Coinbase and the Securities and Exchange Commission will meet in court this week. The hearing may give us a sense of how the judge is looking at the case in its earliest stages.

Why it matters

The case just began, and is likely to drag on for years if the parties don’t settle (see: SEC v. Ripple Labs, which is now halfway through its third year). Still, in the interest of reading tea leaves, the questions Judge Katherine Polk Faila asks and how attorneys for the SEC and Coinbase respond will indicate what issues may take prominence during the start of this legal battle.

Breaking it down

Coinbase and the U.S. Securities and Exchange Commission (SEC) will meet in court this Thursday for the first time in the federal regulator’s lawsuit against the crypto exchange.

To quickly recap: The SEC sued Coinbase in early June alleging that the cryptocurrency trading platform was simultaneously operating as a broker, an exchange and a clearinghouse for unregistered securities – namely, 13 different cryptocurrencies the SEC alleged met the requirements of the Howey Test, the 1940s precedent laid down by the U.S. Supreme Court.

Coinbase has telegraphed the SEC lawsuit for months, publishing a blog post when it first received a Wells Notice from the regulator and maintaining a legal effort to convince a court that there isn’t enough regulatory clarity right now for crypto industry participants to know whether or not they’re running afoul of federal securities laws.

The exchange continued that effort in its first formal response to the SEC last month, when Coinbase argued that the SEC was violating its due process rights and simultaneously trying to preempt Congress by bringing a lawsuit.

Coinbase also argued that the allegations shouldn’t even apply to its operations.

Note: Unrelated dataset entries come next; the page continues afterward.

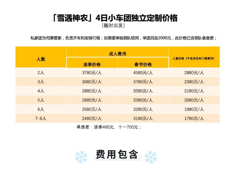 3.个性化消费,比如神农架滑雪雪服租赁35-100元一套、头盔20元一个、滑雪手套16元一个、寄存柜25元一个、滑雪眼镜30元一副等,另外不含滑雪专业教练费用(根据人数定价);我们滑雪包含的是双板或单板全天滑雪,如果需要中途换板,多出来费用自行支付;
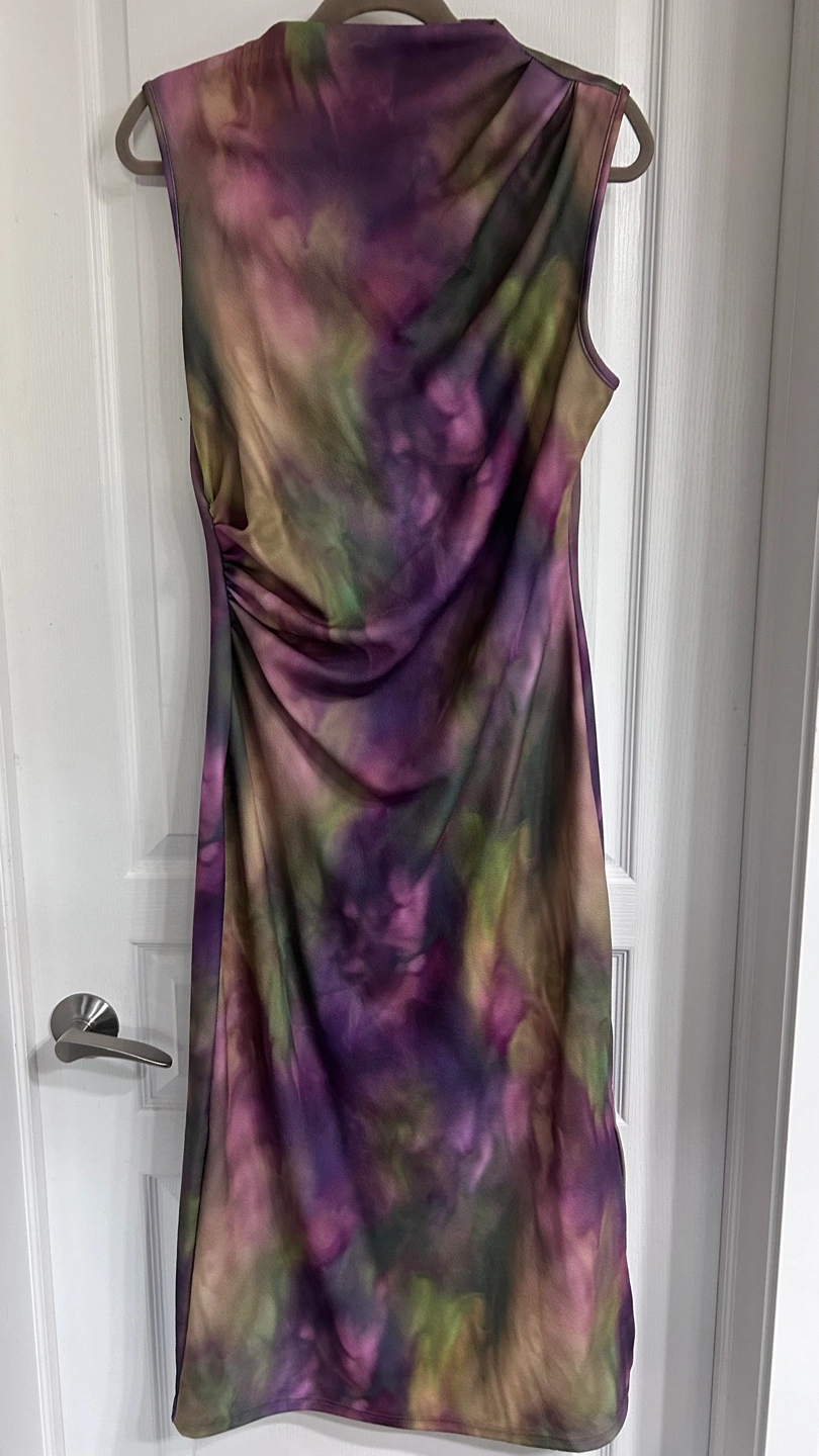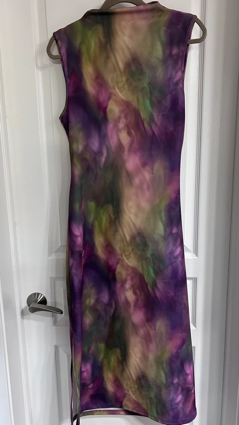 Beautiful sleeveless midi dress. Features a mock neck and tie-dye pattern in shades of purple, green, and brown. Fitted silhouette. Side slit. Size XL but its small for XL
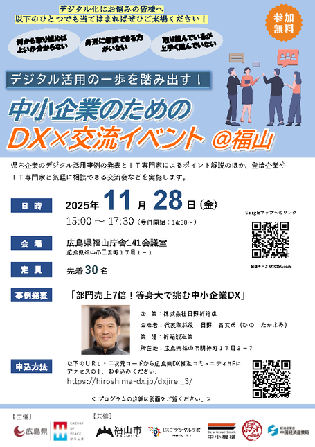 広島県DX推進コミュニティ事務局から「中小企業のためのDX×交流イベント(第3回@福山)」のご案内です。

“Like all securities, an economic arrangement can qualify as an investment contract only if it involves an ongoing business enterprise whose management owes enforceable obligations to investors. Absent such obligations, the contract is just an asset sale,” Coinbase argued. “Because no such obligations are carried in the transactions over Coinbase’s secondary market exchange, and because the value that Coinbase purchasers receive through these transactions inheres in the things bought and traded rather than in the businesses that generated them, the transactions are not securities transactions.”

The SEC was not swayed by this argument. In its response to the answer, the SEC said “Coinbase attempts to construct its own test for what constitutes an investment contract.”

The filing took aim at other substantive parts of Coinbase’s arguments, including Coinbase’s at this point oft-repeated assertion that the SEC had a chance to weigh in on the exchange’s operations when it reviewed the company’s paperwork before it went public.

In the regulator’s view, the lawsuit is proper – and moreover, it pointed to Coinbase’s public disclosures that it might get sued as evidence that the exchange has already acknowledged the possibility.

The SEC was also unimpressed with some of Coinbase’s filings, calling one of them “improper” and asking the judge overseeing the case to ignore it for now.

The parties will meet in court this Thursday, at 10:00 a.m. ET, in a pre-motion hearing.

Stories you may have missed

This week

SoC 071023

Tuesday

  • 13:00 UTC (3:00 p.m. CEST) The European Union is set to formally publish its metaverse strategy.

Wednesday

  • 06:00 UTC (7:00 a.m. BST) The Bank of England will publish its regular financial stability report.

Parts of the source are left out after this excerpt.